The use of selective inhibitors and computer modelling to evaluate the role of specific high affinity cyclic AMP phosphodiesterases in the hormonal regulation of hepatocyte intracellular cyclic AMP concentrations.

Using experimentally derived data for the activities and kinetic constants of hepatocyte cyclic AMP phosphodiesterase isoenzymes together with the derived changes in adenylate cyclase activity, due to stimulation and subsequent desensitization by glucagon, a computer model was established to simulate hepatocyte cyclic AMP metabolism. The established ability of glucagon to activate the 'dense-vesicle' cyclic AMP phosphodiesterase by eliciting its cyclic AMP-dependent phosphorylation was shown on the model to be capable of eliciting a profound reduction in the glucagon-stimulated increase in intracellular cyclic AMP. This was consistent with experimentally derived observations using the compound ICI 118233 which was used to inactivate the 'dense-vesicle' enzyme selectively. The non-hydrolysable adenosine agonist N6 (phenylisopropyl)-adenosine (PIA), which prevents glucagon pre-treatment of hepatocytes blocking the ability of insulin to stimulate the peripheral plasma membrane cyclic AMP phosphodiesterase, is shown here to accentuate the ability of insulin to decrease glucagon-elevated intracellular cyclic AMP concentrations. This effect was obliterated using the compound ICI 63197, a selective inhibitor of the peripheral plasma membrane phosphodiesterase.
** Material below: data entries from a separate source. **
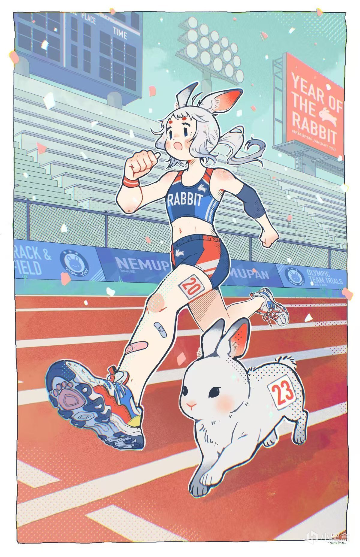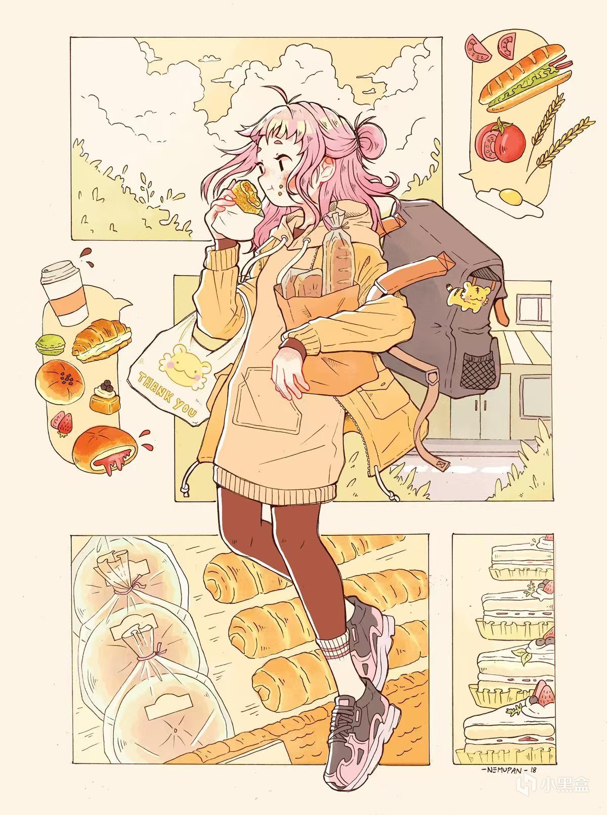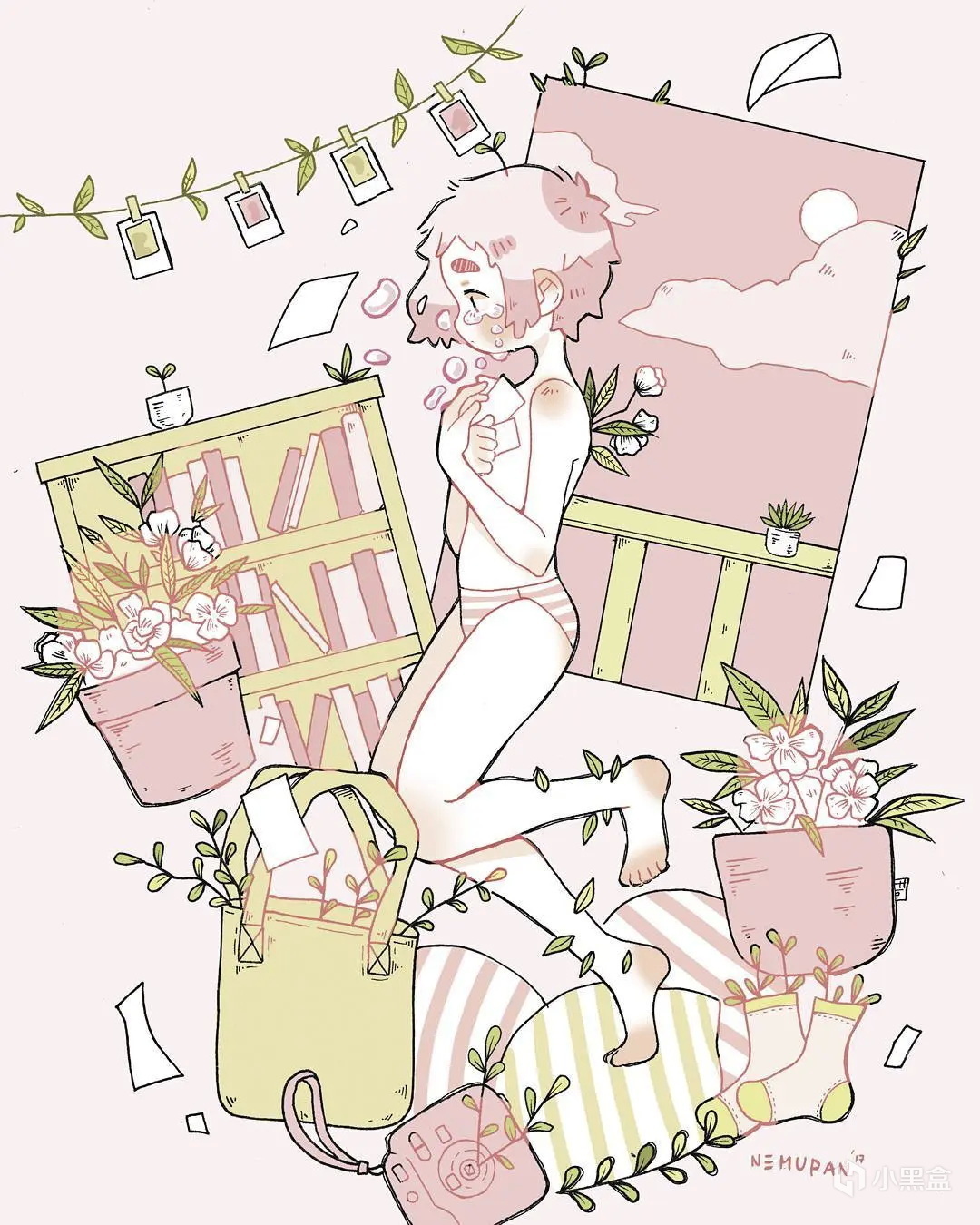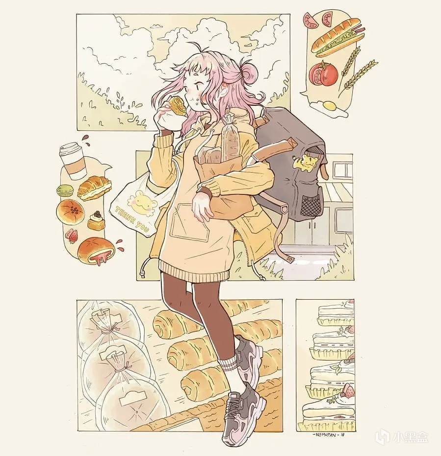 NEMUPAN的人物畫配色簡單卻恰到好處,乾淨利落,粉毛妹子造型可愛,給人一種撲面而來的清新感和......說不上來,就是非常有“生命力”(濃眉、很陽光的眼神、粉撲撲的小臉蛋、運動後留下的創可貼),無論主題是妹子在幹什麼,都給人一種元氣滿滿的感覺!
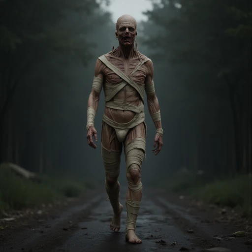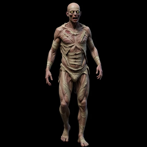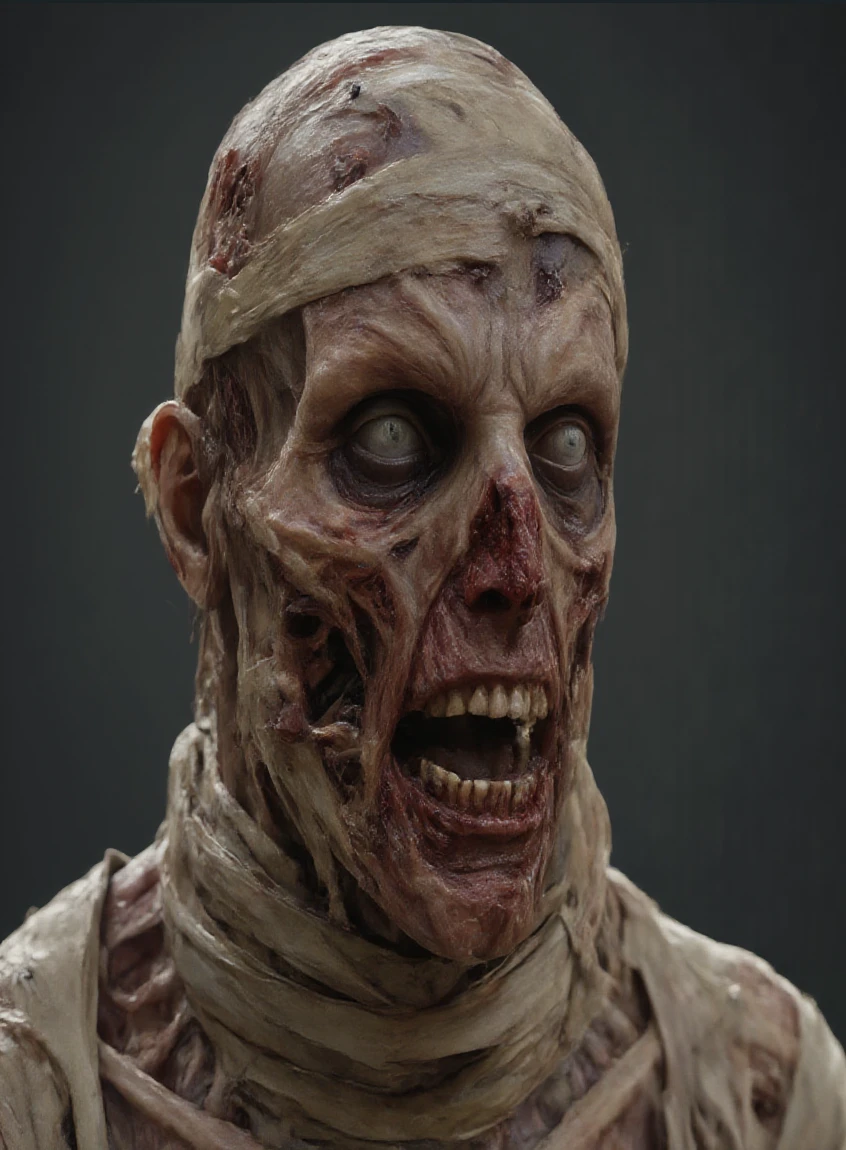 zombie, mummy, rotting, flesh, gore, guro, teeth, bandages, open mouth, blood, veins, detailed,
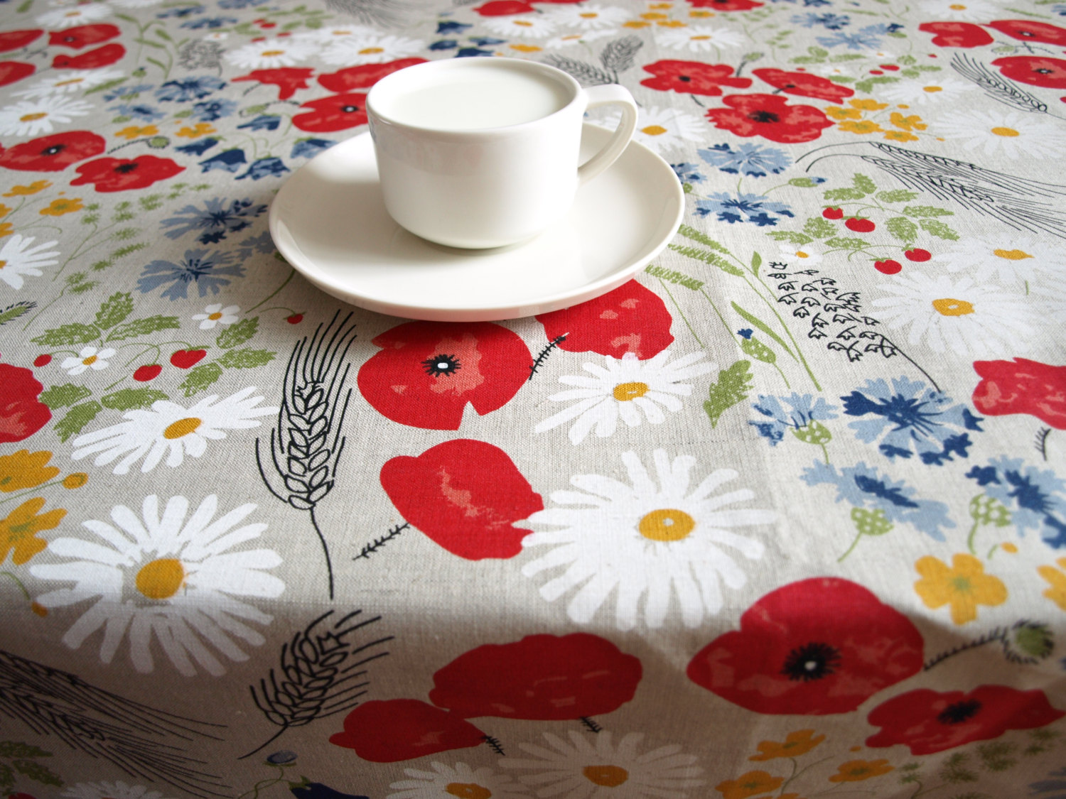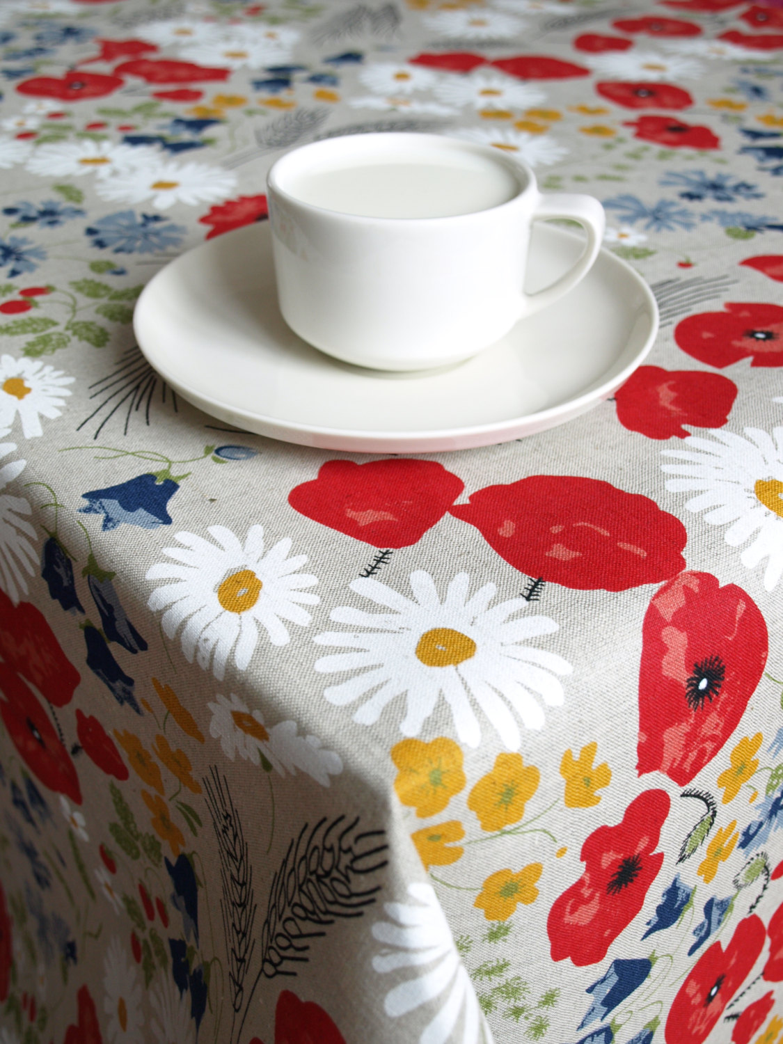 Linen Wedding tablecloth natural linen poppy meadow red white flowers Eco Friendly 56″x56″ or made to order your size, great GIFT

Computer modelling studies, taking into account experimentally derived actions in insulin in activating the peripheral plasma membrane phosphodiesterase, confirmed the potential of this enzyme to decrease intracellular cyclic AMP concentrations. Modelling of the putative effect of an insulin 'mediator' in activating the two cyclic GMP-stimulated cyclic AMP phosphodiesterase isoenzymes was shown to elicit a decrease in intracellular cyclic AMP concentrations which was comparable to that caused by insulin's action on intact hepatocytes. The relative contribution of each phosphodiesterase form to the metabolism of hepatocyte intracellular cyclic AMP, together with an assessment of the potential effect of inhibition and activation of specific species, was evaluated using the computer model. These experimental and stimulation studies indicate that alterations in the phosphodiesterase activity of the 'dense-vesicle' enzyme, the peripheral plasma membrane enzyme, the cyclic GMP-stimulated cyclic AMP isoforms and the IBMX-insensitive PDE-MQ-II can elicit profound effects upon hepatocyte intracellular cyclic AMP concentrations.